Abstract

Brush borders (microvilli) were isolated from Spodoptera frugiperda posterior midgut cells by using the cation differential precipitation technique. These microvilli preparations still contained some cytoskeleton elements visible by electron microscope. These elements are removed by Tris treatment followed by dilution and ultracentrifugation. Tris treatment solubilizes protein with M r values similar to some cytoskeleton proteins, and causes an increase in the specific activity of the marker enzyme (aminopeptidase) and in the lipid–protein ratio of the purified microvillar membrane. Microvilli preparations from anterior midgut cells seem to be free from cytoskeleton. This is supported by electron microscopy and by the absence, after Tris treatment, of changes in the specific activity of the marker enzyme and in the lipid–protein ratio. The cytoskeleton of these microvilli should assemble and disassemble to permit the passage of vesicles observed migrating through them.

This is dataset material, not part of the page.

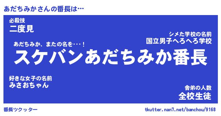| ファンタジー風あだ名 | 『アダフェル』『エターナルアダチミカー』 |
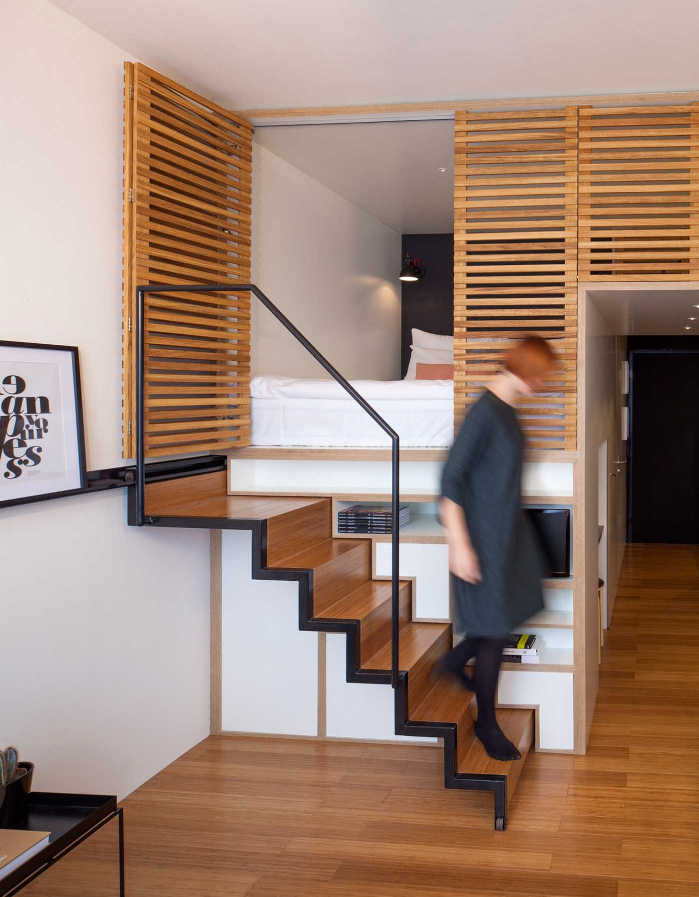 Если вы счастливый обладатель высоких потолков, обратите внимание на кровать с жесткими направляющими. Она постоянно будет находиться на одном месте, а чтобы устроиться на ней, нужно воспользоваться лестницей

As a result, it is likely that the cytoskeleton is not rigid and is lost during microvilli preparation by differential precipitation. In comparison with other insects, S. frugiperda purified microvillar membranes have low cholesterol, carbohydrate and lipid–protein ratios. Because S. frugiperda midgut microvillar membranes almost lack intrinsic digestive enzymes, their low lipid–protein ratios might result from a large amount of carrier or other proteins.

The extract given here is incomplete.